### Aim of the task
Starting at the top of the records below, write out each line exactly as it stands, stopping after the line with "时间变量回归模型是应用回归分"; exclude the pictures.

### Records to process
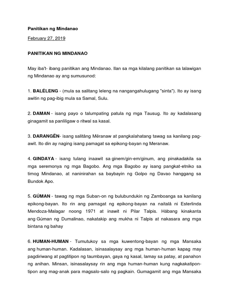 Full PDF Package Download Full PDF Package. Magbigay ng limang panitikan sa Mindanao. Mga Panitikan ng Mindanao.
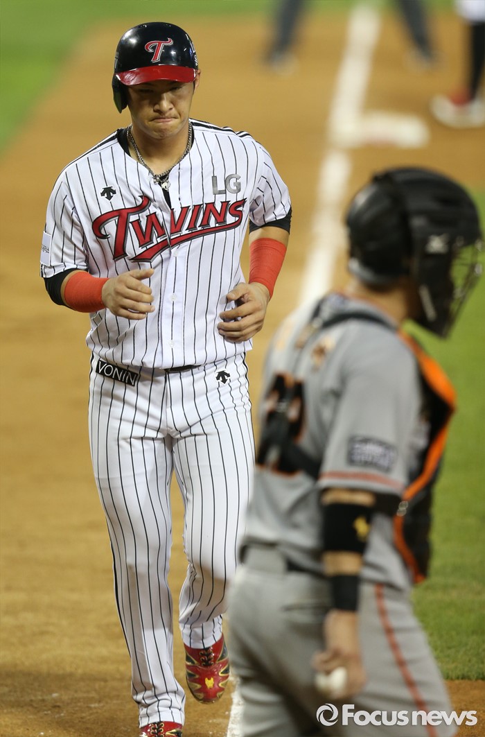 (서울=포커스뉴스) 13일 서울 잠실구장에서 열린 2016 프로야구 한화-LG 경기 4회말 2사 만루에서 LG 이천웅의 볼넷으로 3루주자 오지환이 홈인하고 있다.
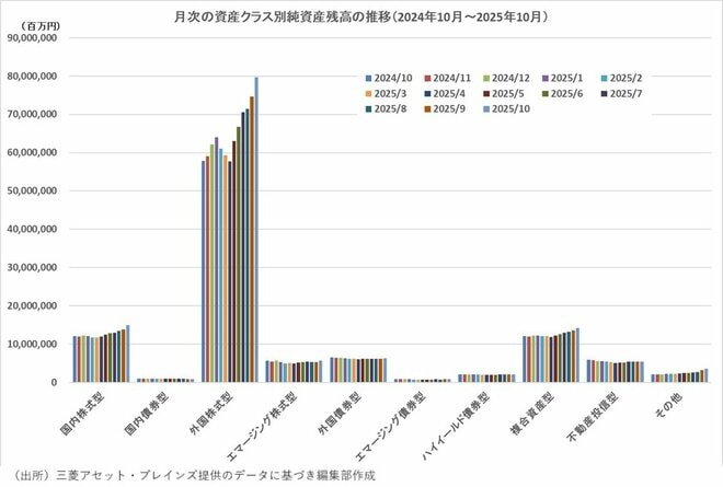 三菱アセット・ブレインズがまとめた2025年10月の公募ファンドの純資産残高は約133兆6467億円で前月比約7兆7591億円増加した。純資産残高は6カ月連続で増加し、前月に続いて史上最大を更新した。純資産残高の増加額は前月の約4兆6317億円から大幅に増額した。「外国株式型」は増加額が約5兆597億円と前月の約3兆2515億円から大幅に増加。また、「国内株式型」が約1兆1459億円(前月は約3981億円)、「複合資産型」も約5980億円(同約4101億円)、「その他」は約3974億円(同約4570億円)の増加だった。一方、「国内債券型」は約67億円の減額と前月の約100億円の減額に続いて残高が減少した。「国内債券型」は2024年9月以来14カ月連続の残高減少が続いている。
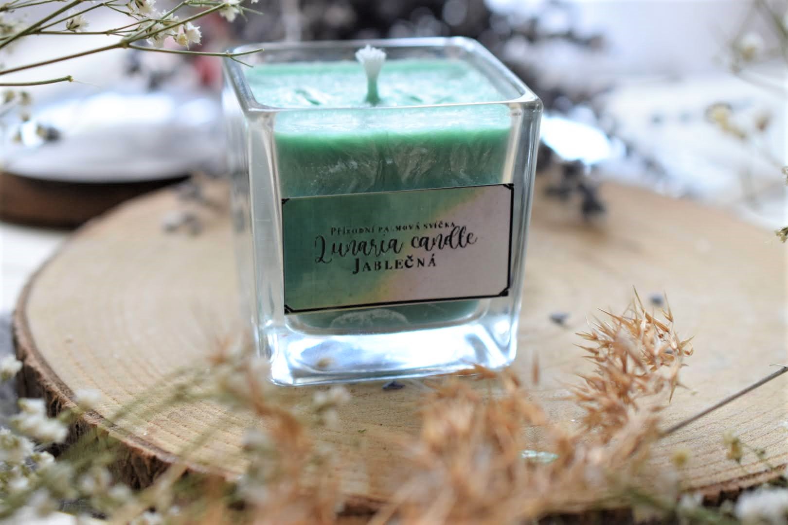 svíčka z přírodního palmového vosku s vůní zeleného jablka ve skleněné dóze
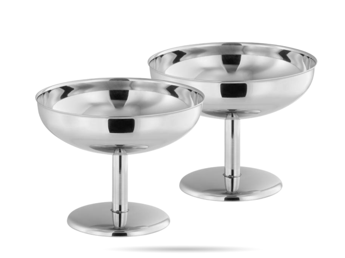 Stalowe pucharki do lodów APS Frigo 180 ml – elegancki zestaw 2 pucharków ze stali nierdzewnej.
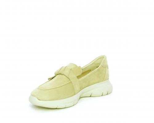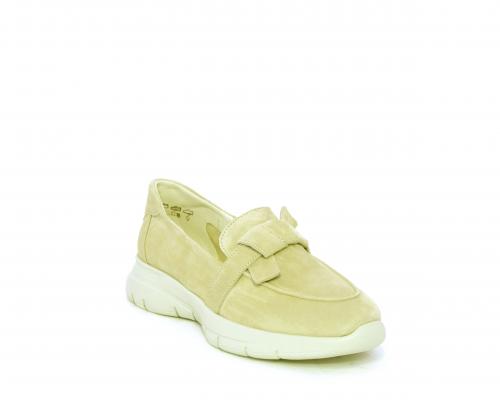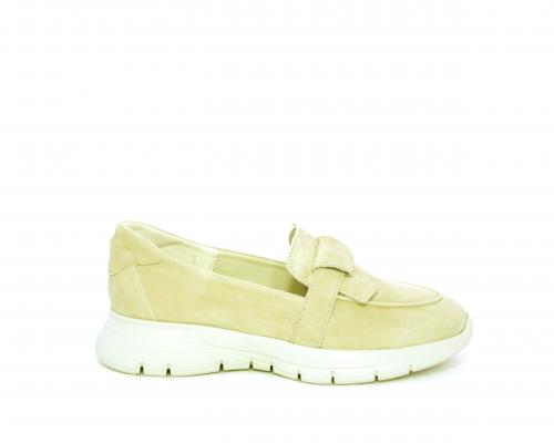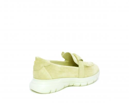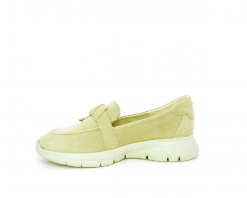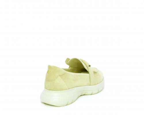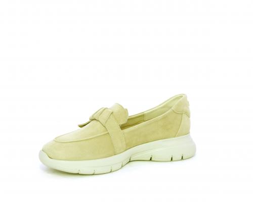 Mocassino fondo gomma, tomaia in suede, sottopiede in tessuto, fodera interna in pelle, fusbet con memory foam.
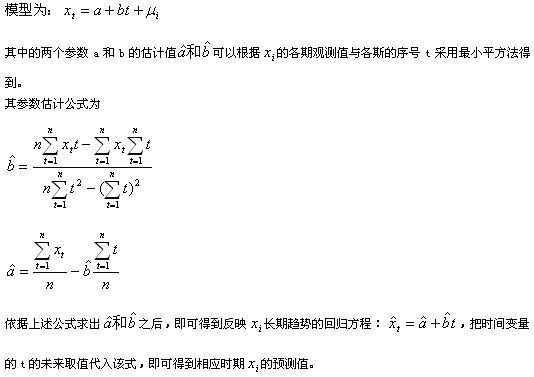 时间变量回归模型是应用回归分析的原理,将时间序列中的时间因素(t)作为自变量(解释变量),所要描述的经济变量作为因变量(被解释变量)而建立的模型。其总体
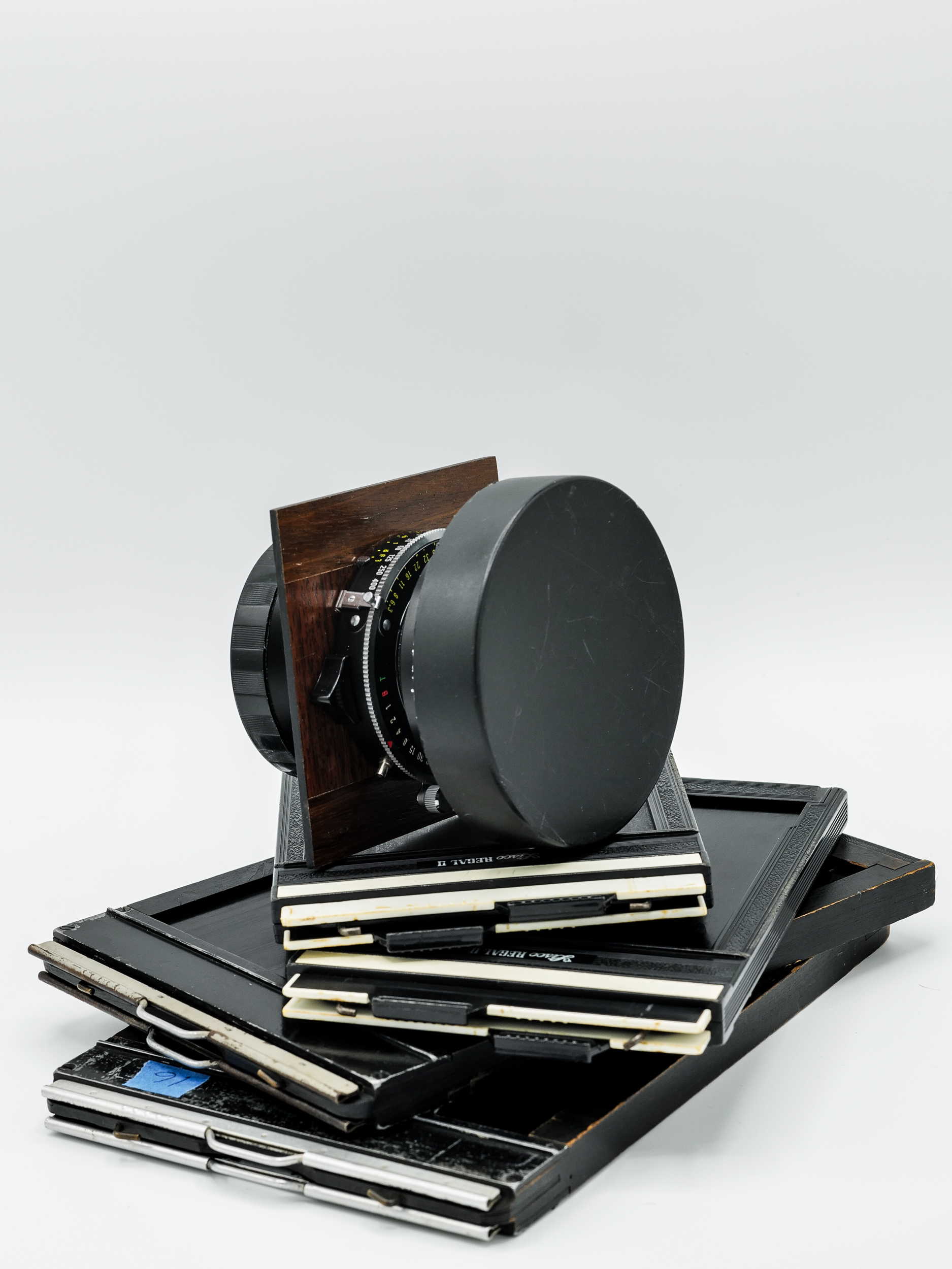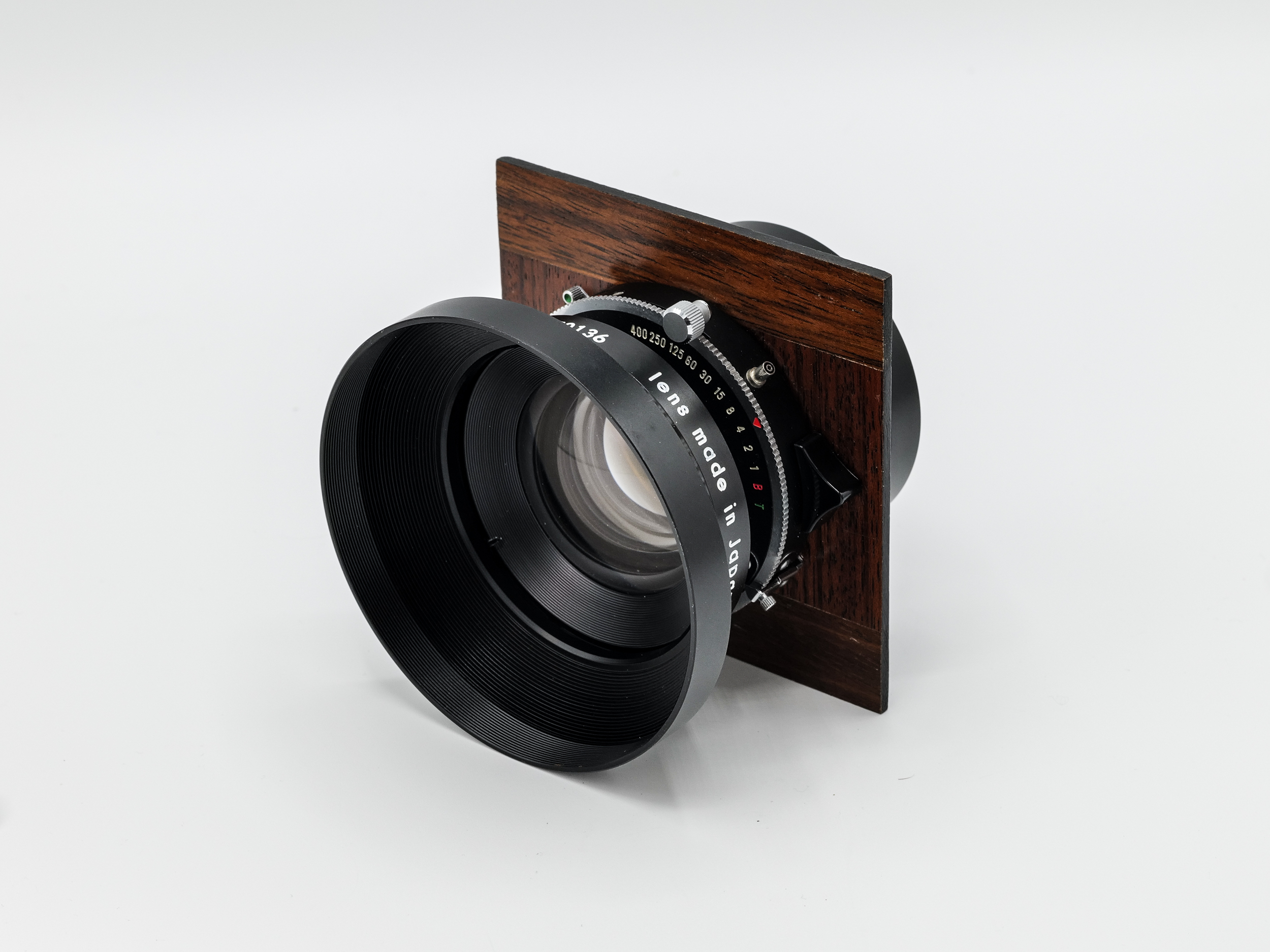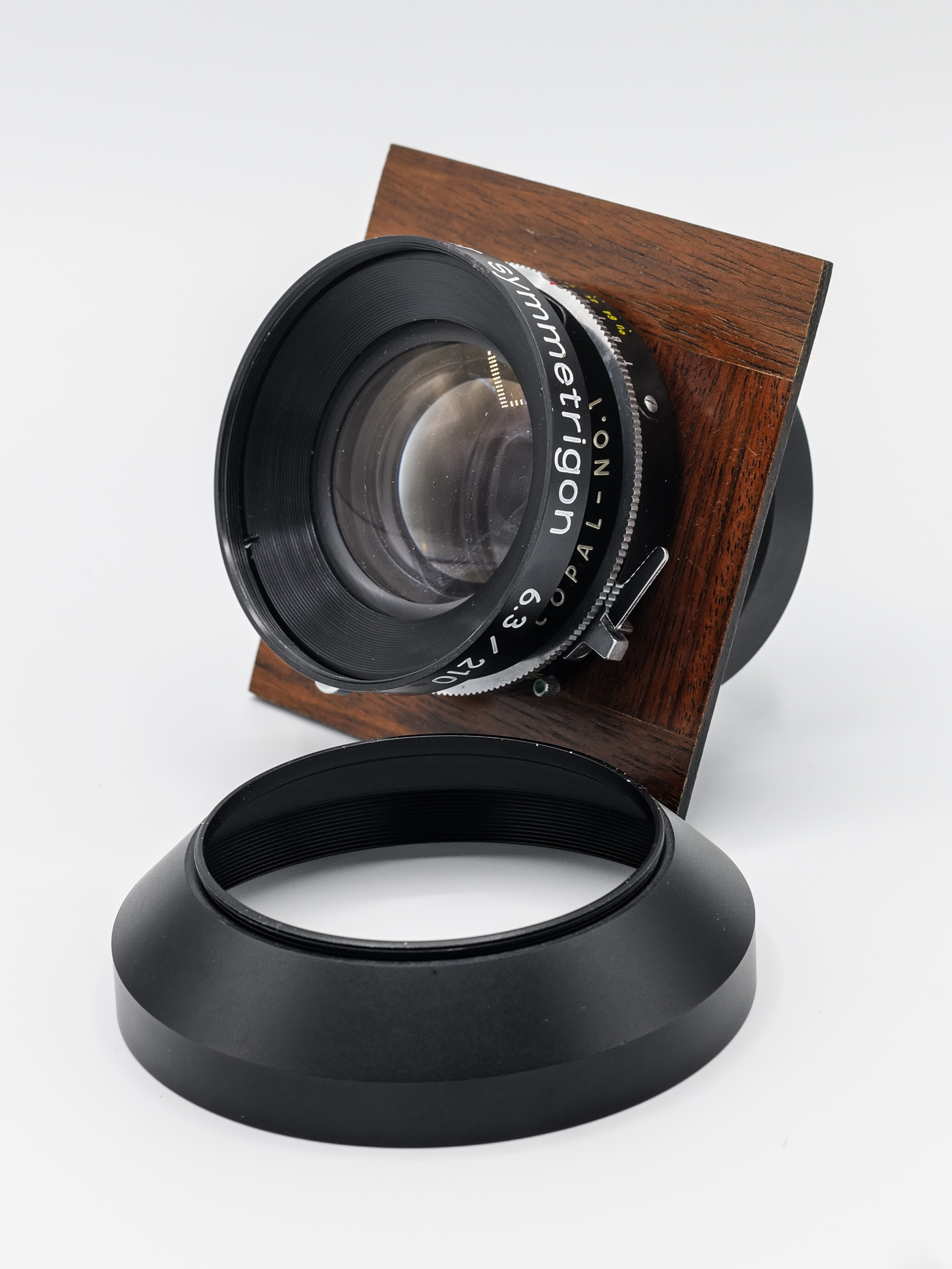 • 210 mm f/6.3 Computar Symmetrigon (This lens is a real sleeper) in shutter with its original factory metal shade, on a proper wooden Deardorff-style lens board
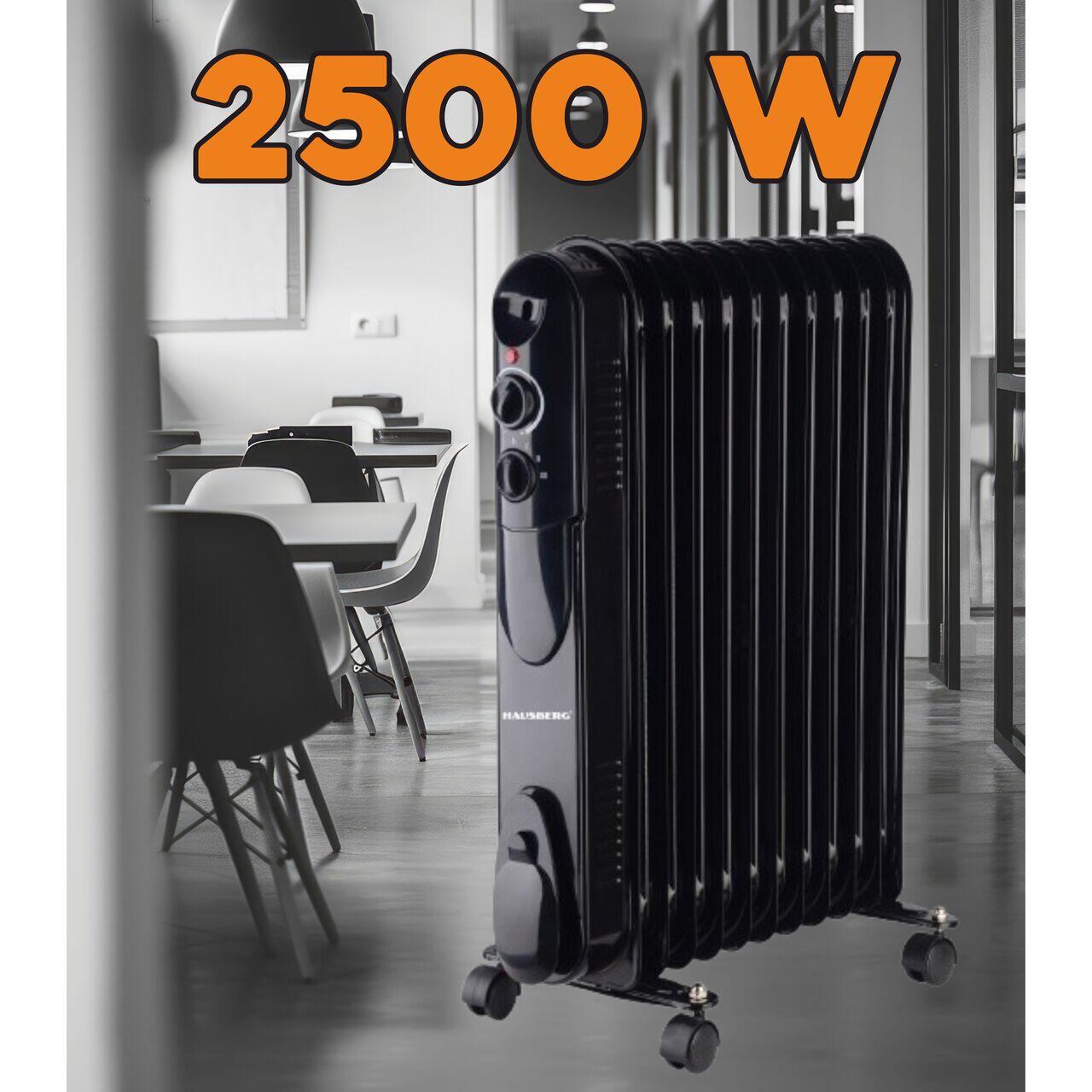 Calorifer electric cu ulei HAUSBERG HB-8925, 2500W, 11 elementi, 3 trepte, termostat reglabil, negru
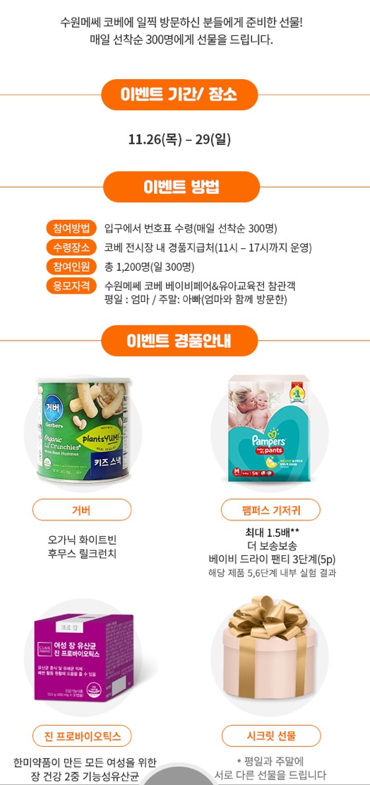 일찍 가신다면 매일 선착순 300명에게 주어지는 얼리버드 선물도 득템할 수 있는 기회도 노려보세요ㅎ
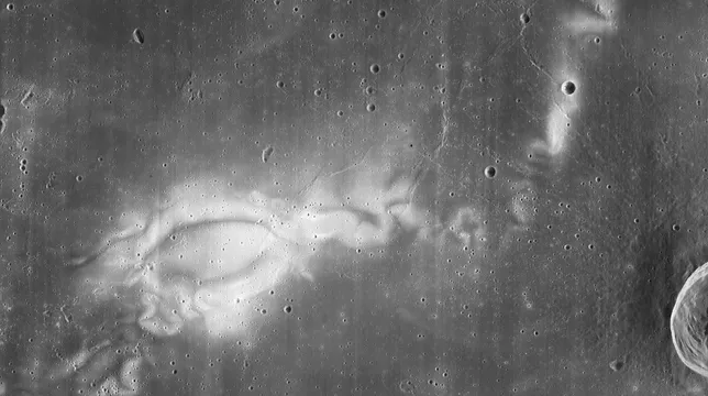 ![]() Фото вихря Рейнер Гамма на Луне сделанное широкоугольной поляризационной камерой лунного орбитального аппарата Данури.

### Result
 Full PDF Package Download Full PDF Package. Magbigay ng limang panitikan sa Mindanao. Mga Panitikan ng Mindanao.
 (서울=포커스뉴스) 13일 서울 잠실구장에서 열린 2016 프로야구 한화-LG 경기 4회말 2사 만루에서 LG 이천웅의 볼넷으로 3루주자 오지환이 홈인하고 있다.
 三菱アセット・ブレインズがまとめた2025年10月の公募ファンドの純資産残高は約133兆6467億円で前月比約7兆7591億円増加した。純資産残高は6カ月連続で増加し、前月に続いて史上最大を更新した。純資産残高の増加額は前月の約4兆6317億円から大幅に増額した。「外国株式型」は増加額が約5兆597億円と前月の約3兆2515億円から大幅に増加。また、「国内株式型」が約1兆1459億円(前月は約3981億円)、「複合資産型」も約5980億円(同約4101億円)、「その他」は約3974億円(同約4570億円)の増加だった。一方、「国内債券型」は約67億円の減額と前月の約100億円の減額に続いて残高が減少した。「国内債券型」は2024年9月以来14カ月連続の残高減少が続いている。
 svíčka z přírodního palmového vosku s vůní zeleného jablka ve skleněné dóze
 Stalowe pucharki do lodów APS Frigo 180 ml – elegancki zestaw 2 pucharków ze stali nierdzewnej.
 Mocassino fondo gomma, tomaia in suede, sottopiede in tessuto, fodera interna in pelle, fusbet con memory foam.
 时间变量回归模型是应用回归分析的原理,将时间序列中的时间因素(t)作为自变量(解释变量),所要描述的经济变量作为因变量(被解释变量)而建立的模型。其总体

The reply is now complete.